As it turns out, “all the work of serving in the temple” includes its music services. We are not left to guess about the authority for the temple’s music. To understand the next references, we must move forward in history. After Solomon, the successive kings of Judah act something like a seesaw. They often swing alternately between bad kings and good kings. Bad kings destroy the worship of the true God. Then good kings must restore it. How do they go about this restoration? By trusting God enough to obey His revealed way to worship. Notice the authority behind Hezekiah’s reforms.
He [King Hezekiah] stationed the Levites in the temple of the LORD with cymbals, harps and lyres in the way prescribed by David and Gad the king’s seer and Nathan the prophet; this was commanded by the LORD through His prophets. (2 Chronicles 29:25)
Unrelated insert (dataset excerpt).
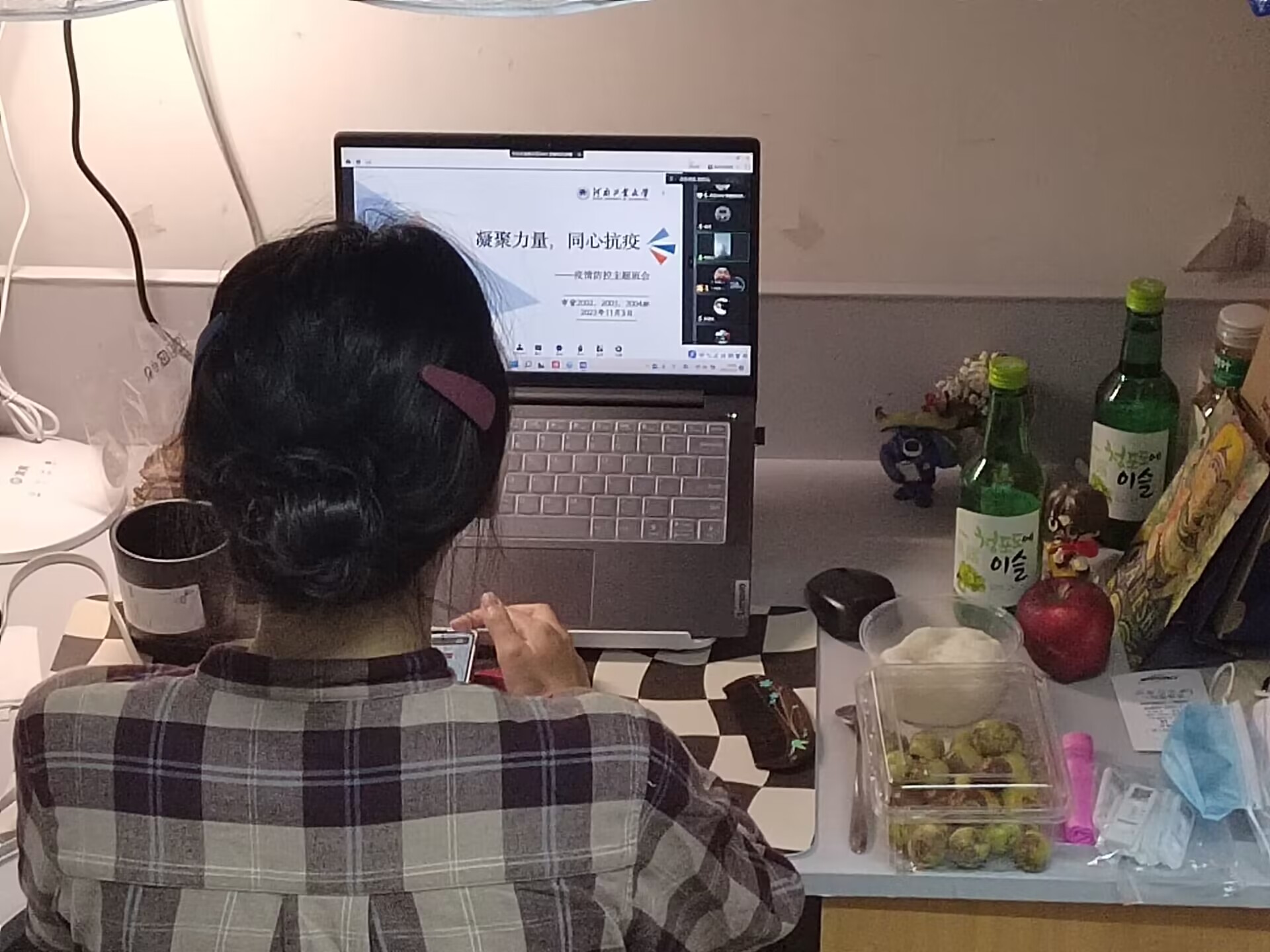 在主题班会上,各位班主任讲解了当前全国、郑州市、学校的疫情形势和防控政策,通过宣传我校师生的“最美逆行者”例子,引导同学们思考和交流“在疫情下的我们,如何合理安排学习生活与我们能做点什么”“同心抗疫如何彰显青春担当”。班主任们还分别提出了一些要求:一是提升防疫意识,遵守防控要求。希望同学们以疫情防控为己任,出宿舍佩戴口罩,多喝水穿厚衣,宿舍勤通风,坚持全员核酸、抗原检测和日报告、零报告制度,筑牢疫情防控防线;二是做好情绪管理,养成良好作息。希望同学们在宿舍做些瑜伽、拉伸等小幅度锻炼,增强自身体质,做好疫情下的情绪管理,养成良好生活习惯,用科学的防疫方式、稳定的情绪和健康的心态,积极面对、共克时艰;三是提高学习质量,搞好宿舍关系。希望同学们上好线上课,做好学习计划,提升自我学习能力,同时与舍友互帮互助,团结友爱。四是知校爱校荣校,传播榜样力量。希望同学们在特殊时期,多理解多体谅,与母校并肩作战,吃得了苦打得了仗,以我校“最美逆行者”师生为荣,传递榜样的正能量。

Levitical use of instruments is “commanded by the LORD.” After Hezekiah’s time, most Israelites fail to follow the example set by David and Hezekiah. The people of Israel and Judah grow more wicked, which eventually results in their total defeat. The Babylonians destroy Jerusalem and its beautiful temple. They carry the captive Israelites into exile to distant lands. (From this sad period comes the familiar song of Psalm 137: “By the waters of Babylon, there we sat down and wept, when we remembered Zion. On the willows there we hung up our lyres.”)
After seventy years in Babylonian captivity, Jews return to their homeland to build a new temple and re-start its services. How will they go about this restoration? By applying the lesson of the exile: We had our own way and destroyed ourselves. Now, let God have His way! Let God be God!